What the exercise asks: An exact copy of the listing below is required, minus its pictures.

Data section:
-=-=-=-=-

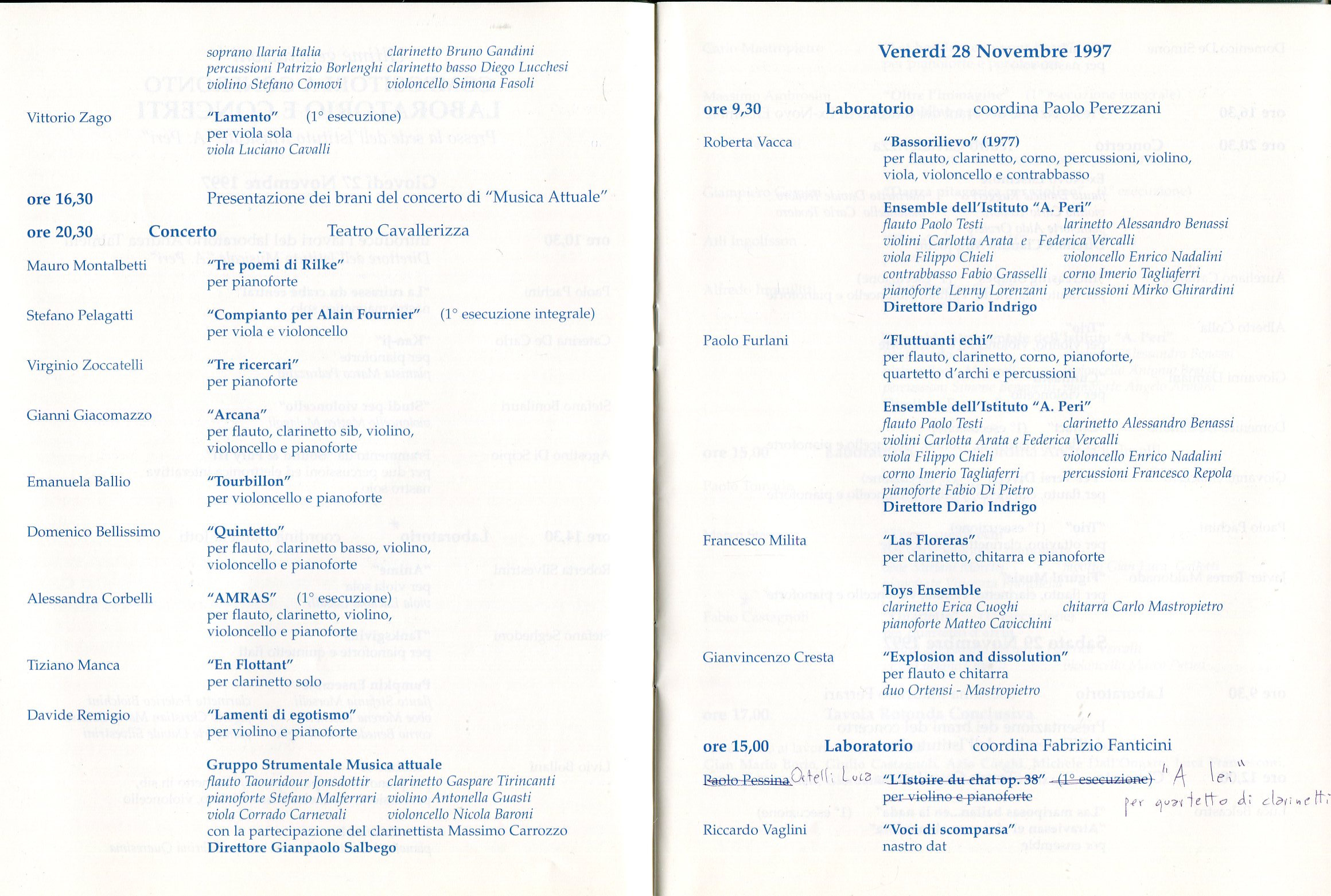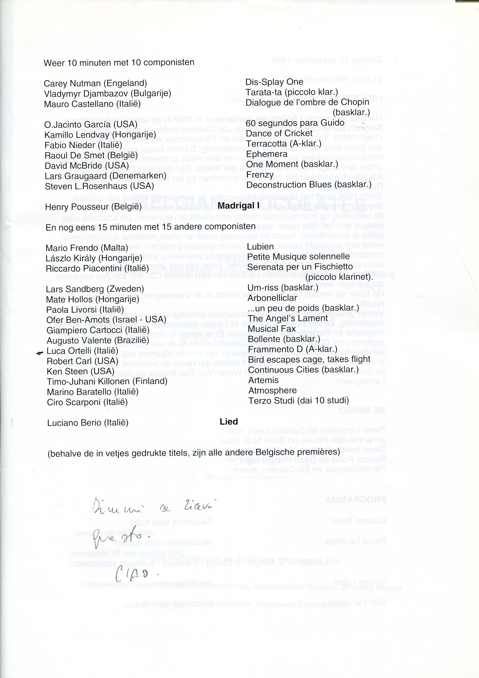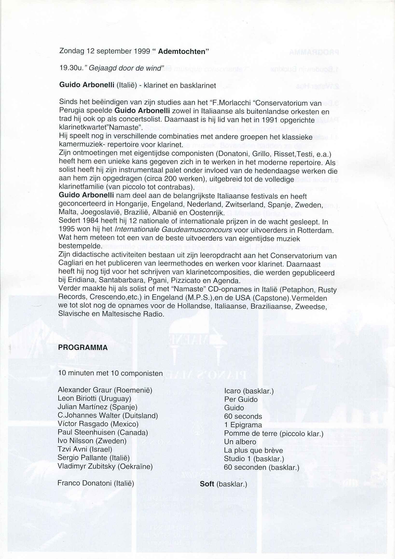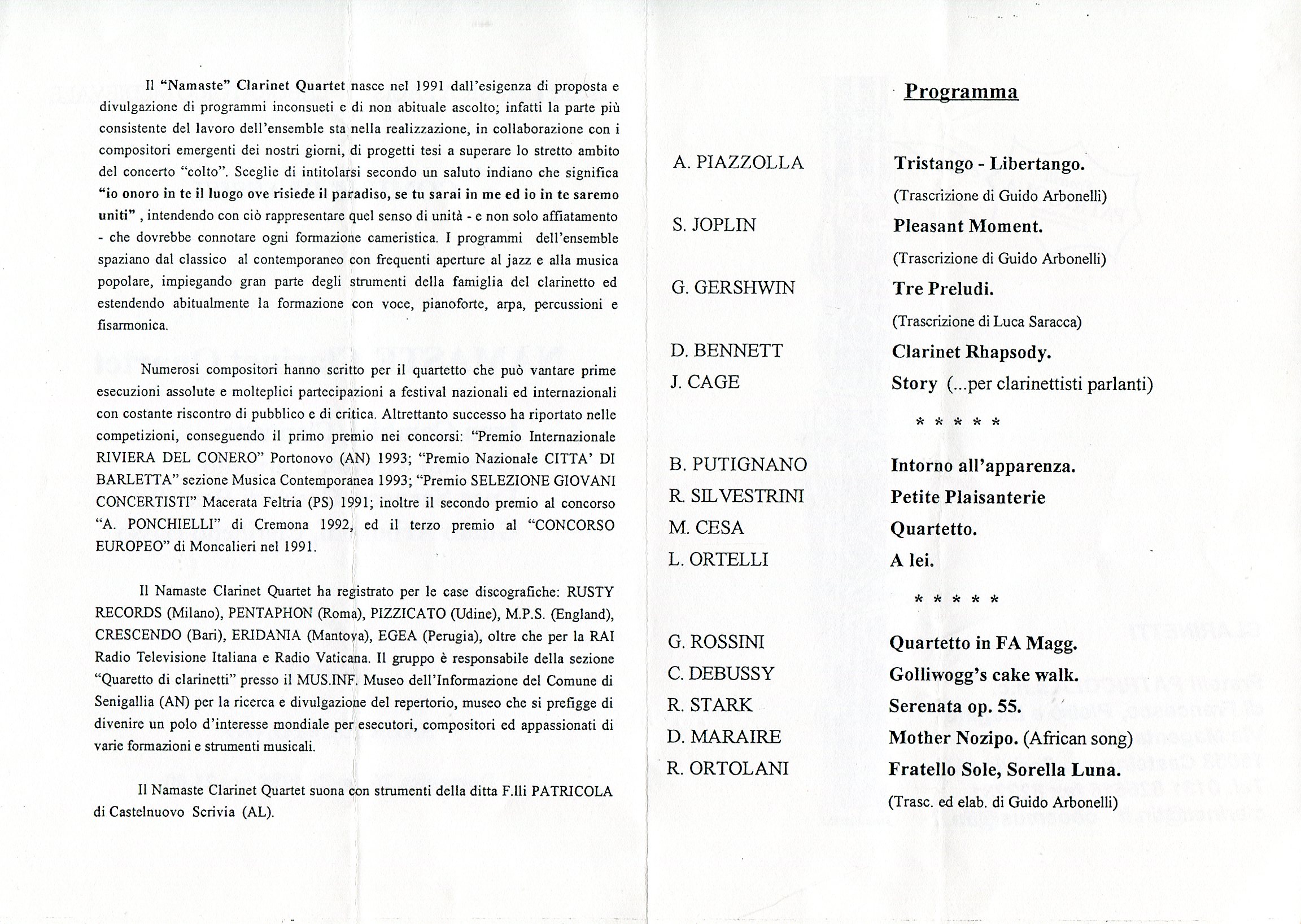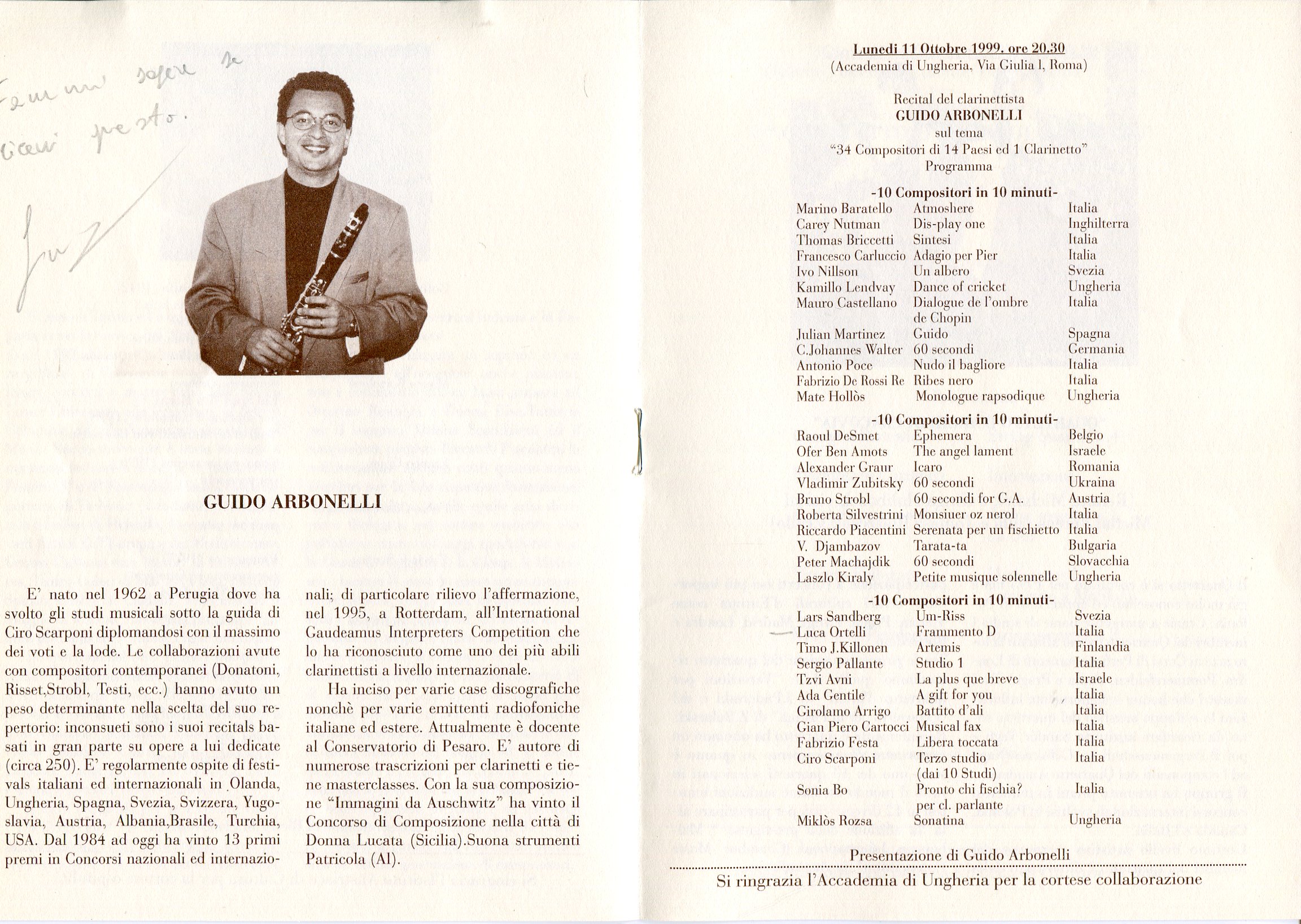 - “Guido” per voce soprano e clarinetto in La (Pesaro, 1998)
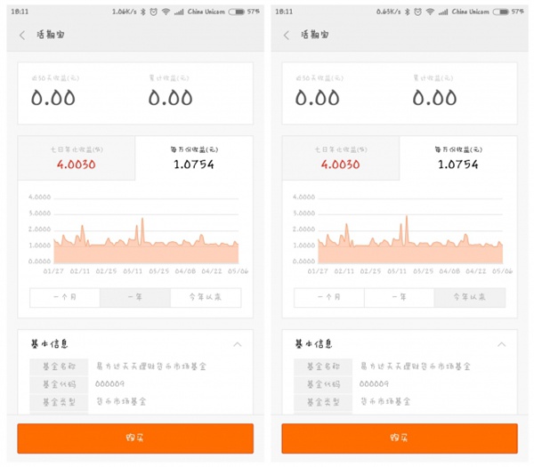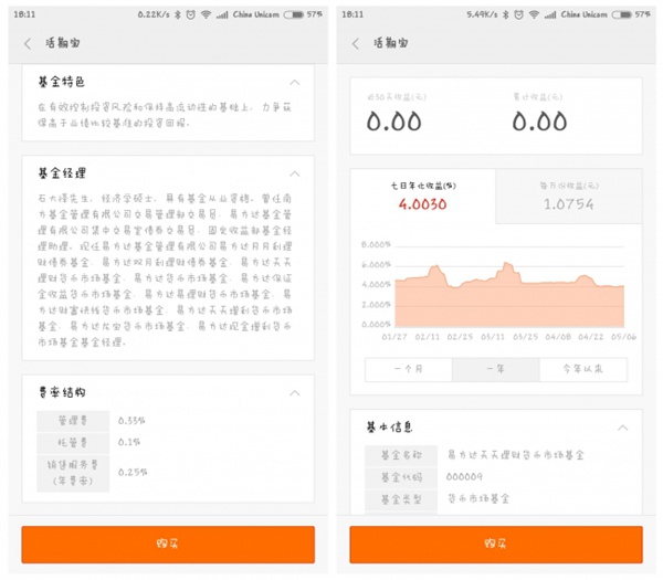 7,设置好开户以及了解的大概的情况,我们就可以准备购入 基金 啦。什么?点击购买没有这些界面,别着急,在进入购买页面之前,点击活期宝即可进入基金的详情界面,能看到该基金的 基本信息、基本特色、基金经理、费率结构。还能看到 月、年 收益情况,让用户买的更放心,如下图所示:
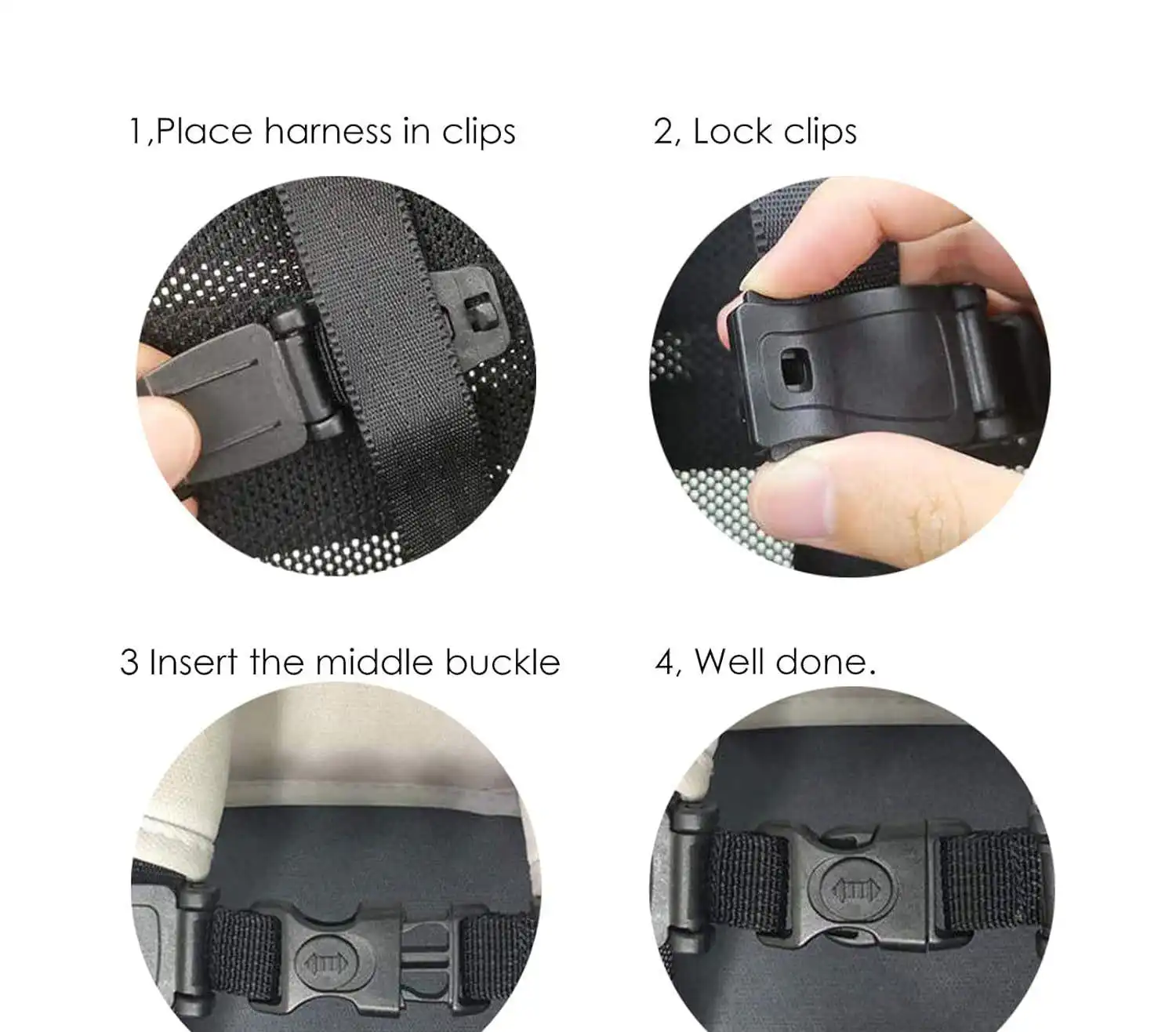1️⃣ Place the harness straps in the clips.
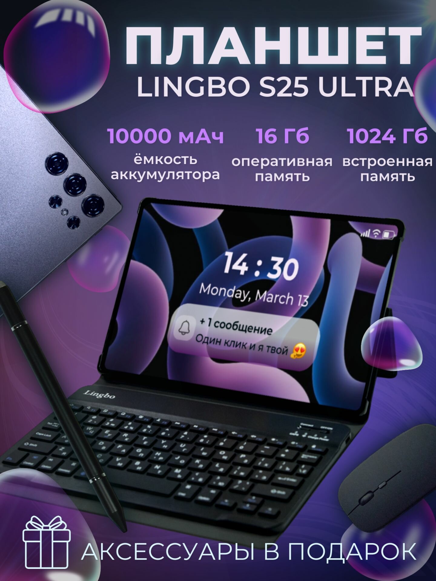 S25 Ultra Планшет андроид 10.1" 16 ГБ/1024 ГБ, с клавиатурой, детский, для работы и учебы, темно-серый интересное:

-=-=-=-=-

The completed task:
 - “Guido” per voce soprano e clarinetto in La (Pesaro, 1998)
 7,设置好开户以及了解的大概的情况,我们就可以准备购入 基金 啦。什么?点击购买没有这些界面,别着急,在进入购买页面之前,点击活期宝即可进入基金的详情界面,能看到该基金的 基本信息、基本特色、基金经理、费率结构。还能看到 月、年 收益情况,让用户买的更放心,如下图所示:
1️⃣ Place the harness straps in the clips.
 S25 Ultra Планшет андроид 10.1" 16 ГБ/1024 ГБ, с клавиатурой, детский, для работы и учебы, темно-серый интересное:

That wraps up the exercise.